Nope, it's the Ace.
I don't mean to be harsh, but few detectors will be able to deal with that kind of situation. My Minelab Sovereign would have to just sit in the van if it's all I had with me.
I have real old Tesoros that don't make a lot of noise around a lot of iron and the Compasses don't do that either.
In fact, I installed a shunt alongside a 5-5000 ohm pot on my GB on my old Compass RM7 just for fun and I can lay a piece of 6 inch by 6 inch by 1/2" steel plate right on the ground and cancel it completely. Then I can lay a nickel right on top of it or beside it or 6 inches from it, and pick up the nickel very clearly. With my Compass XP Pro or my Compass Scanner R&C I can cancel a steel washer the diameter of a donut and when I put a nickel or other coin right in the middle of it it will sound off on the nickel but not on the washer. I can do the same thing wth a Tesoro Silver Saber, Golden Sabre, Compadre, or Silver uMax or almost any other Tesoro too. An Ace 250 will not do that. It can't because it has a delayed response and can't keep up with that much target change, nor that fast.. A.H. Pro invented discrimination (1972). Tesoro invented "Control Phase Response" discrimination, very rare and very exclusive. Fisher invented automatic ground balance. Compass invented auto-retune, DD coils, etc.
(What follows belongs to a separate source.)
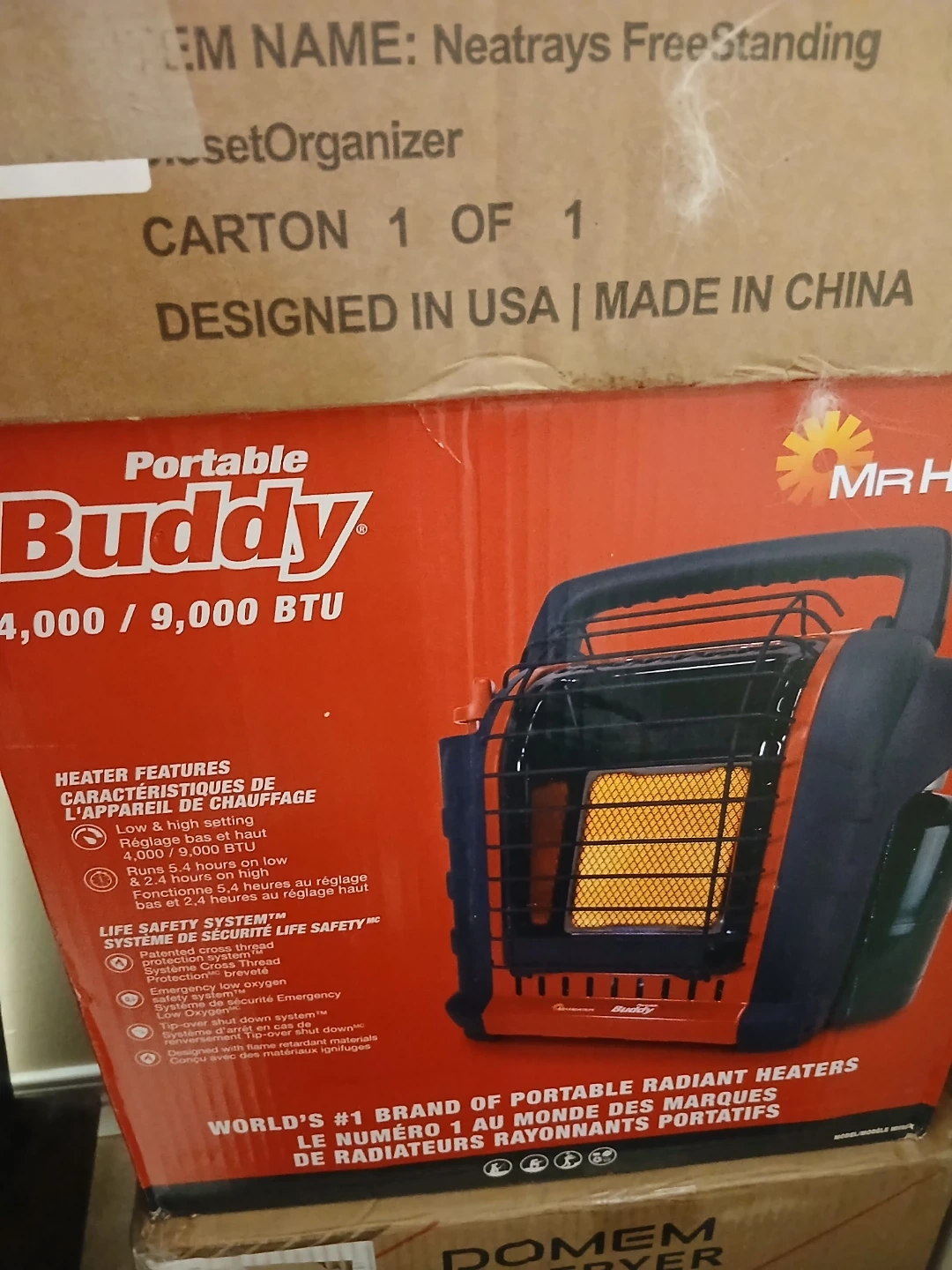 New Black and red portable heater. Handle on top

The old 1970's A.H Pros could do the above washer test easily. Those were really good discriminators too, some of the best. A.H. Electronics INVENTED discrimination (patent #US 4263553). An AH Pro Quintron or Phantom (the first ground cancel discriminators), also patent #US4263553, could do it too, not just their "Super Pro", Backpacker, etc models. A White's Classic can do a fair job of it and so can a Prism, but not as well as the new Tesoros or the old Tesoros, AH Pro's, or Compasses. An Ace 100, 200, or 300 can't do it and neither can an Explorer. The old Tesoros were a bit better than the new ones at canceling iron. Like one old man I used to know who was a dealer, said, "they don't make 'em any better, they just make 'em different". BTW, Westinghouse Electric invented multi-frequency detectors back in 1972, not Minelab.
I often use a 3 inch coil on my favorite detector, but I also use a 6 inch, and it's the detector that really makes the difference, not the small coil. Yes, a small coil helps, but mostly they are best used to find smaller items like earrings, not to cherry pick any better, regardless of what people might think. I know because I used to open them up and repair the things, and they are a real mess to deal with too. The coil windings between a 3" and a 6" coil are nearly the same diameter inside the casing. Compasses though have "tuned" coils, meaning that they have a circuitboad inside the coil that balances the signal instead of using a balon capacitor or coil to control it. Nautiluses have this too, but they are set up in a different way.
Go online dude. Get a cheap Silver Saber or Compadre and enjoy the hobby more- without all the falsing. I still have a 1983 Silver Saber uMax and it has NEVER falsed, not even once, even on the nastiest of salt/magnetite beaches. It won't even false if I run it over a piece of 6'X6' solid steel. Neither will my Golden Saber. And they are both 24 years old. Tesoros are silver MAGNETS, perfect cherry pickers, and probably about the best discriminators you can buy new or old. I have found more silver rings and coins with my old Silver Saber than with all my current 23 detectors and all my old ones combined, and it only weighs 2 1/2 pounds. I've found the most gold with my Compasses though, with a cz-70 coming in just under the Compasses..
You can buy a used Silver
Saber for as little as $50 on eBay or Craig's List and they are real sweethearts.
One last little secret: The new low cost Tesoros are not a whole lot different in their circuitry than the ones from 20-25 years ago. That's why they work so well in a lot of iron.